The people needed to run the factories in Baotou were 'imported,' mostly from the northeast areas of China. Most people I met were the second generation of their family to live in Baotou but still had relatives near Dalian. Their lives were very full with work in the factories and performing all the other services that a city needs: the barbers who shaved businessmen on street, the bus drivers that plowed through the sandstorms, the teachers, bakers, the cleaners. I taught doctors and nurses in the main city hospital and graduate students in the medical college. 


Christmas Day 2005 was one of the proudest and happiest days of my life. More than 100 students attended a Christmas party at which each of my classes performed songs and skits in English. A highlight was the advanced class performing Clement C. Moore's famous poem, "A Visit from St. Nick," otherwise known by its first line: "Twas the night before Christmas..." As we began to collect props and costumes for the  show, I realized that Christmas seemed to be everywhere in this Chinese city. Shopkeepers posted wreaths and portraits of Santa in their windows. Students took me to a mall that was lined with Christmas goodies where we found headbands with deer antlers and ears, elf hats, and even a full Santa suit. 

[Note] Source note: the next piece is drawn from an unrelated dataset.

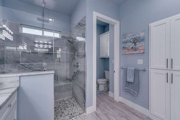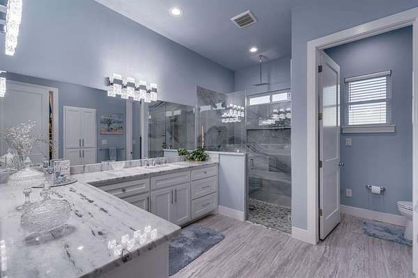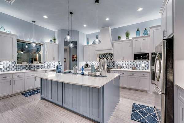 The chef's kitchen is a showstopper, featuring an abundance of cabinetry, an oversized island, stainless steel appliances, Thor propane cooktop, double ovens and a large walk-in pantry. Retreat to the one of a kind master suite, where the bathroom boasts a dream shower with dual body sprayers and a rain head, plus a walk-in closet with built-ins, shelving, and triple rods for maximum storage.

On the top floor of one of the (many) hospital buildings, there was a surprisingly well-equipped disco -- replete with strobe and colored lights, and a projection screen. A local bank donated a Christmas tree and decorations appeared out of the woodwork. Many of my adult students brought their children to the party, each carrying a present for Santa's gift exchange. One of the best students, Duran Duran (Meng Meng), played Santa and the children squealed as they each received a present. Mary's karaoke videos of Christmas songs got us all singing. Many learned a new English word, "potluck," and the feast to which all contributed was amazing. As the music grew more romantic, the children settled down as adults paired off to waltz. 


It was a wonderful night -- and a true celebration of the Christmas spirit.